* EXERCISE DETAILS: Hand back each record exactly as you find it.

* DATA FOR PROCESSING:
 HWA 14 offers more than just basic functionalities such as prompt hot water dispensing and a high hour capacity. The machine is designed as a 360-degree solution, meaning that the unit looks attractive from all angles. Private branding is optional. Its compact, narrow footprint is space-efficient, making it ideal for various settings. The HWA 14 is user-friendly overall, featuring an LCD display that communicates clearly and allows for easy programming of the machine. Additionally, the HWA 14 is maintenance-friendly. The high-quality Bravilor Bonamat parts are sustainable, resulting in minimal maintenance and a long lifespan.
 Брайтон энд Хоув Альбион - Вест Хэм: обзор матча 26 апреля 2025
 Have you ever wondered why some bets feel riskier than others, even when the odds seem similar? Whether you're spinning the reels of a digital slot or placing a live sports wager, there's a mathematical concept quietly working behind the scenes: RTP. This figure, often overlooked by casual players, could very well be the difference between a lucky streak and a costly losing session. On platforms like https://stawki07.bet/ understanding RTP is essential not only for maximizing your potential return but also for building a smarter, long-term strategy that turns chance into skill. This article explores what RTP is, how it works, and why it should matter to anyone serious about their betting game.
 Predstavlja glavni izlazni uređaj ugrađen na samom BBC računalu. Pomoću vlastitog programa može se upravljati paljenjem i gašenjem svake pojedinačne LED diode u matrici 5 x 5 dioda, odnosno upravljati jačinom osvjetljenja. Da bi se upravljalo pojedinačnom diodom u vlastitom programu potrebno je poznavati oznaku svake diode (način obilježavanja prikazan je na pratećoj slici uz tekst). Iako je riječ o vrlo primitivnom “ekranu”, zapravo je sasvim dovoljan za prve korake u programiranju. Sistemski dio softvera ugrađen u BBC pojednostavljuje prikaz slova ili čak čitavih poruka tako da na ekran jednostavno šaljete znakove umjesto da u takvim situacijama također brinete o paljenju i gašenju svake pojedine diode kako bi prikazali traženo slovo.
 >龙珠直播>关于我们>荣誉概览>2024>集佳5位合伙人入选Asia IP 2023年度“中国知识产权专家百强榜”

* ANSWER BELOW:
 HWA 14 offers more than just basic functionalities such as prompt hot water dispensing and a high hour capacity. The machine is designed as a 360-degree solution, meaning that the unit looks attractive from all angles. Private branding is optional. Its compact, narrow footprint is space-efficient, making it ideal for various settings. The HWA 14 is user-friendly overall, featuring an LCD display that communicates clearly and allows for easy programming of the machine. Additionally, the HWA 14 is maintenance-friendly. The high-quality Bravilor Bonamat parts are sustainable, resulting in minimal maintenance and a long lifespan.
 Брайтон энд Хоув Альбион - Вест Хэм: обзор матча 26 апреля 2025
 Have you ever wondered why some bets feel riskier than others, even when the odds seem similar? Whether you're spinning the reels of a digital slot or placing a live sports wager, there's a mathematical concept quietly working behind the scenes: RTP. This figure, often overlooked by casual players, could very well be the difference between a lucky streak and a costly losing session. On platforms like https://stawki07.bet/ understanding RTP is essential not only for maximizing your potential return but also for building a smarter, long-term strategy that turns chance into skill. This article explores what RTP is, how it works, and why it should matter to anyone serious about their betting game.
 Predstavlja glavni izlazni uređaj ugrađen na samom BBC računalu. Pomoću vlastitog programa može se upravljati paljenjem i gašenjem svake pojedinačne LED diode u matrici 5 x 5 dioda, odnosno upravljati jačinom osvjetljenja. Da bi se upravljalo pojedinačnom diodom u vlastitom programu potrebno je poznavati oznaku svake diode (način obilježavanja prikazan je na pratećoj slici uz tekst). Iako je riječ o vrlo primitivnom “ekranu”, zapravo je sasvim dovoljan za prve korake u programiranju. Sistemski dio softvera ugrađen u BBC pojednostavljuje prikaz slova ili čak čitavih poruka tako da na ekran jednostavno šaljete znakove umjesto da u takvim situacijama također brinete o paljenju i gašenju svake pojedine diode kako bi prikazali traženo slovo.
 >龙珠直播>关于我们>荣誉概览>2024>集佳5位合伙人入选Asia IP 2023年度“中国知识产权专家百强榜”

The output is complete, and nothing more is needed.